Wednesday, June 20, 2007

Dear Beer

Liz and the bottle:

I wish that everyday I drank lots and lots. My lifestyle cannot support me being an alcoholic, so I use it sparingly. But I love it. Really. I think that if it weren't for the liver issues and premature aging, oh, and having to work, I would drink a frosty with meals and between meals.

I think I've passed the danger zone for being an alcoholic, so I feel I can now, finally and freely, express my love.

Dear beer,

I'm writing to express my gratitude for your services. You bring out the silly girl that lives in my soul and makes her dance and try to french inhale. You put seduction behind my eyes and lull me into the sweetest of slumbers. It is you who have provided me with the ability to give coy glances. You help me make selections when I'm doing online shopping. You have taught me that "too much of a good thing" isn't just a cliche. You foam up and express your joy at being selected to join me before dinner. How I adore our time together.

With you by my side, I have been in my only fist fight in a public facility, driven home naked at sunrise, and seen the Rocky Horror Picture Show. I made it to third base with you near me. I called friends I hadn't spoken to in years. Good times.

That's what makes telling you this so difficult. I am drinking a Riesling. It doesn't mean I'm not still fond of you, I've just discovered a different kind of buzz that wine can provide. I'm not saying it's better.... it's just different.

You and I have been together a long time. We'll always be there for each other, but I think the time has come that you see other people during the week. At least a couple of days a week. I'll still be around on weekends. You can depend on me to call on you. I swear to you, I WILL KEEP IN TOUCH.

Please, keep cool. I'll be looking for you soon!

All of love and admiration,
Liz

I just poured a Riesling that is so clear it sparkles. When I drink it, it dances on the back of my tongue and says, "I love you". I love you too, Riesling.

6 comments:

Killer said...

How can you just turn you back on beer? Oh sure, you say it is just a chance to see others, but we all know what that means.

Someday soon, Beer will come home from a hard day at the office to find you passed out in bed with an empty bottle of Mad Dog 20/20 resting betwixt your cleavage.

I hope Beer is brave enough to walk away before it gets hurt.

Mrs. Hairy Woman said...

Riesling is hard to turn down after the first couple of glasses.. let the beer go for awhile.. he needs his space.. he is upset and jealous of Riesling right now..he doesn't understand your infatuation.. Just tell him there is nothing to understand, just accept it..

Churlita said...

So, what? You can't date both at the same time? They both can give you different things. You shouldn't totally turn your back on beer.

Anonymous said...

damn i could have written that! (except chardonnay is my wine buzz of choice.)

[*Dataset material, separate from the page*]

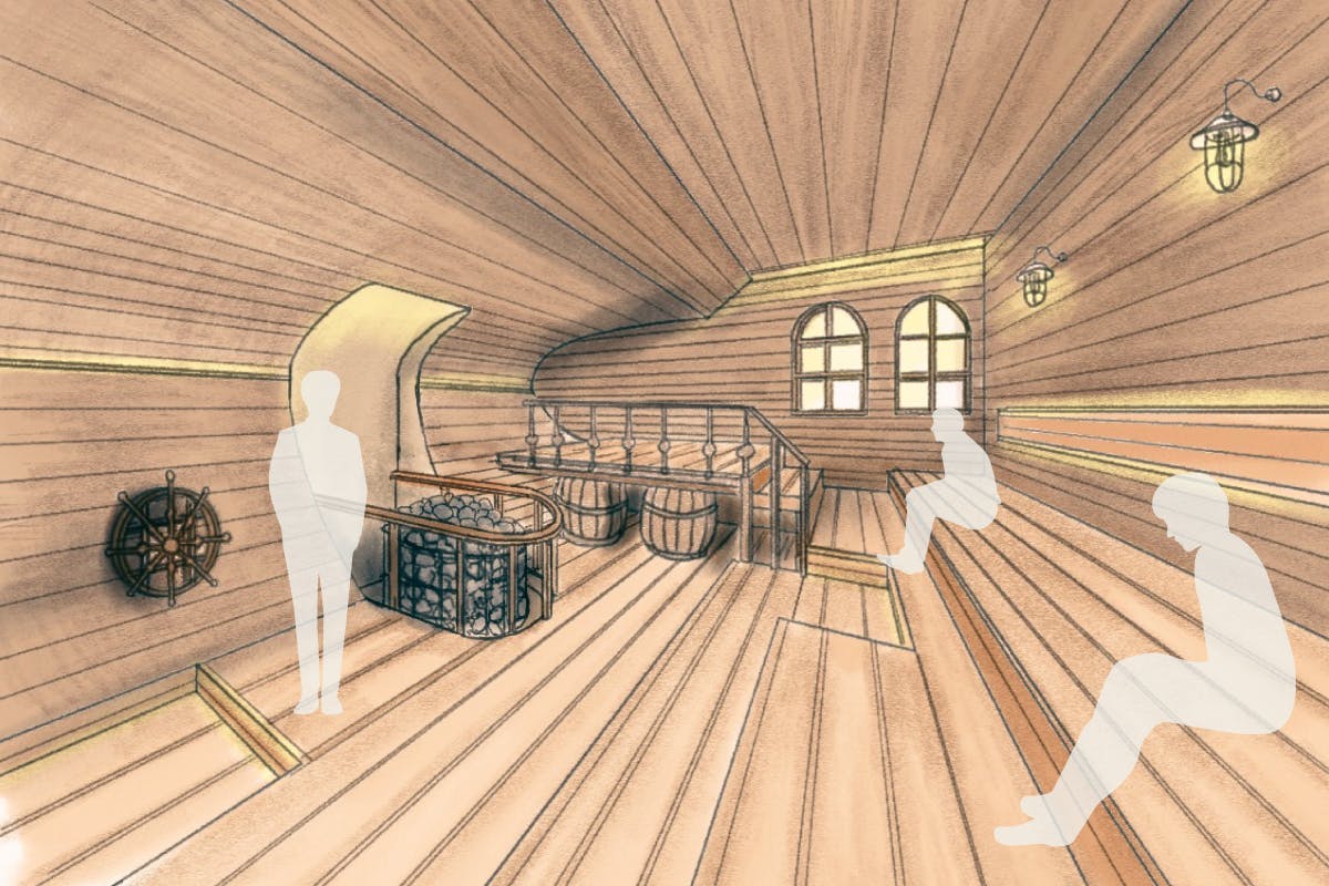 1番のこだわりは、なんといっても海賊船風のサウナ室!

thing is, beer is like a first born child...you always love that kid even when a new baby comes along. you can appreciate them both for the amazing individuals that they are.

add in babies tequila & vodka and it is just one big ole happy family.

Red said...

Sometimes a Riesling will do things that a beer just won't. Does it make you a bad person for wanting those things? No. But these choices are never easy.

Liz said...

I think Hello best explains how I am conflicted. I do still love my beer, but beer doesn't seem to love ME like he used to. Sometimes, a break from each other can only make your bond stronger.